▶ **AVAILABLE DATA**:
-=-=-

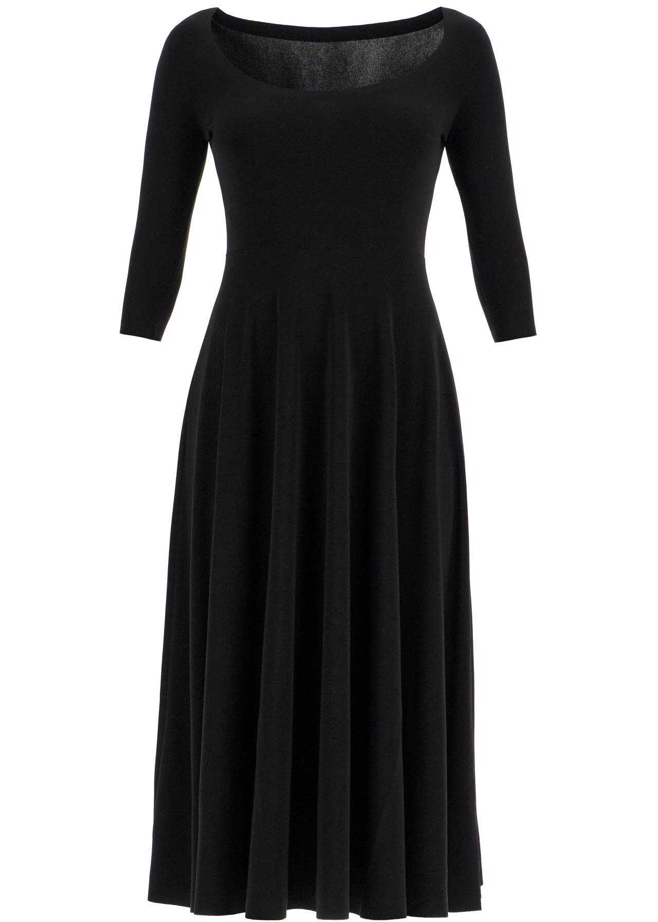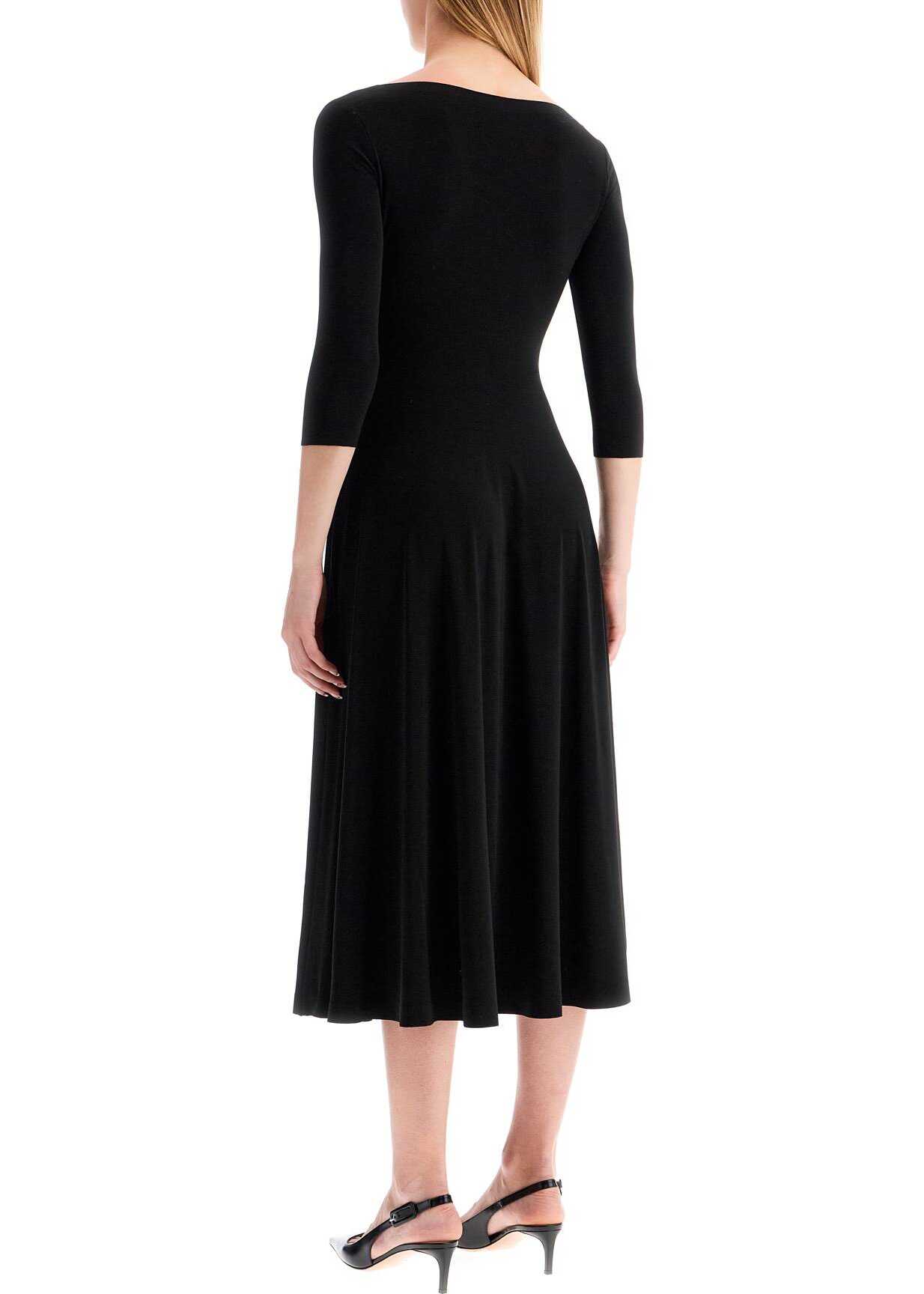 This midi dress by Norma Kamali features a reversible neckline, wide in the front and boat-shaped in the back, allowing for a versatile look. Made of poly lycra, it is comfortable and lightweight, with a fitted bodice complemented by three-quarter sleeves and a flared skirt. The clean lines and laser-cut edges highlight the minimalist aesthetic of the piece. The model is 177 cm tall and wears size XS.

-=-=-

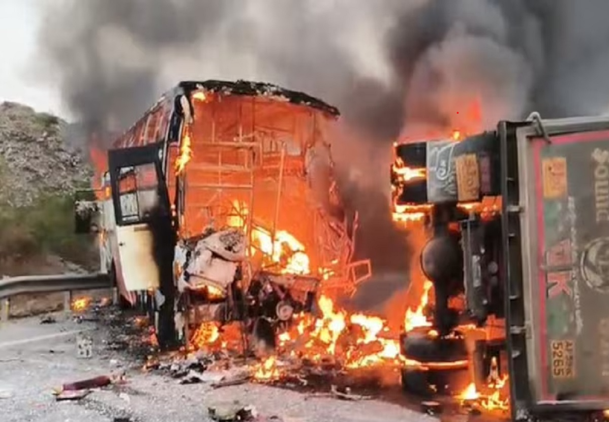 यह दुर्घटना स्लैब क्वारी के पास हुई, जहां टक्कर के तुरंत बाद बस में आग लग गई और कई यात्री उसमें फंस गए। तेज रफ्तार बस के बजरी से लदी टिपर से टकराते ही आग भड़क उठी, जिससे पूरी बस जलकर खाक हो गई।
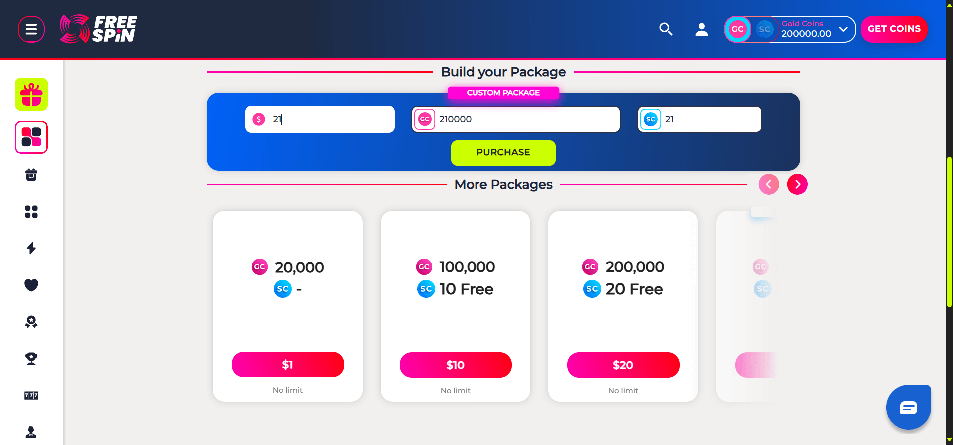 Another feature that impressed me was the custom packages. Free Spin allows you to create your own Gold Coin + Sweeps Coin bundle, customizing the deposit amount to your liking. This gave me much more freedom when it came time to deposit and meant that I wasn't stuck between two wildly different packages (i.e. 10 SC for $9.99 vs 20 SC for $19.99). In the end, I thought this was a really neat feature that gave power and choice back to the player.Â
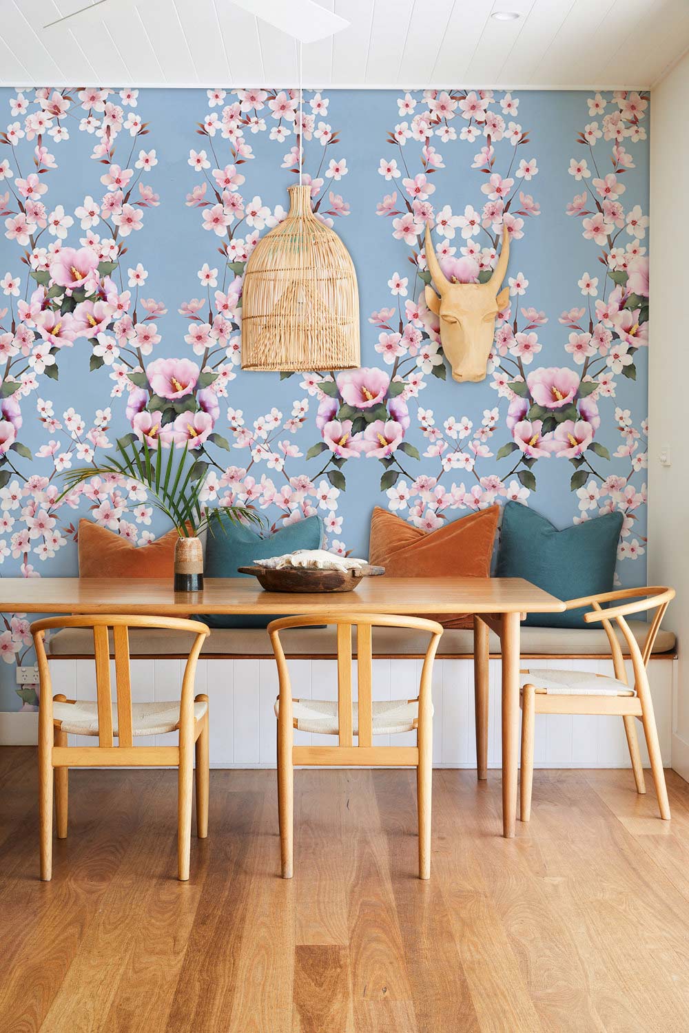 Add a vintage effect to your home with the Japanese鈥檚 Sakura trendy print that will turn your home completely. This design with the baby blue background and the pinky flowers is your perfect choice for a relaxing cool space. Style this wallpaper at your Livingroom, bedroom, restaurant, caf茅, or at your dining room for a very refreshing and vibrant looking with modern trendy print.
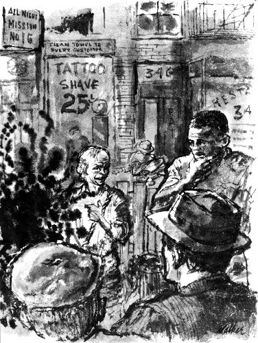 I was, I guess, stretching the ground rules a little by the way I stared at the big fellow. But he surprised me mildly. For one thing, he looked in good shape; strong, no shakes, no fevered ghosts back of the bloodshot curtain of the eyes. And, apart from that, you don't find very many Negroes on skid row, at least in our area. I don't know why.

-=-=-

▶ **WHAT YOU NEED TO DO**: Please return the material above only from the line that holds "Another feature that" through the line that holds "I was, I guess, stretching", exactly as it stands, ends included and pictures omitted.

▶ **RESPONSE TO THE TASK**:
 Another feature that impressed me was the custom packages. Free Spin allows you to create your own Gold Coin + Sweeps Coin bundle, customizing the deposit amount to your liking. This gave me much more freedom when it came time to deposit and meant that I wasn't stuck between two wildly different packages (i.e. 10 SC for $9.99 vs 20 SC for $19.99). In the end, I thought this was a really neat feature that gave power and choice back to the player.Â
 Add a vintage effect to your home with the Japanese鈥檚 Sakura trendy print that will turn your home completely. This design with the baby blue background and the pinky flowers is your perfect choice for a relaxing cool space. Style this wallpaper at your Livingroom, bedroom, restaurant, caf茅, or at your dining room for a very refreshing and vibrant looking with modern trendy print.
 I was, I guess, stretching the ground rules a little by the way I stared at the big fellow. But he surprised me mildly. For one thing, he looked in good shape; strong, no shakes, no fevered ghosts back of the bloodshot curtain of the eyes. And, apart from that, you don't find very many Negroes on skid row, at least in our area. I don't know why.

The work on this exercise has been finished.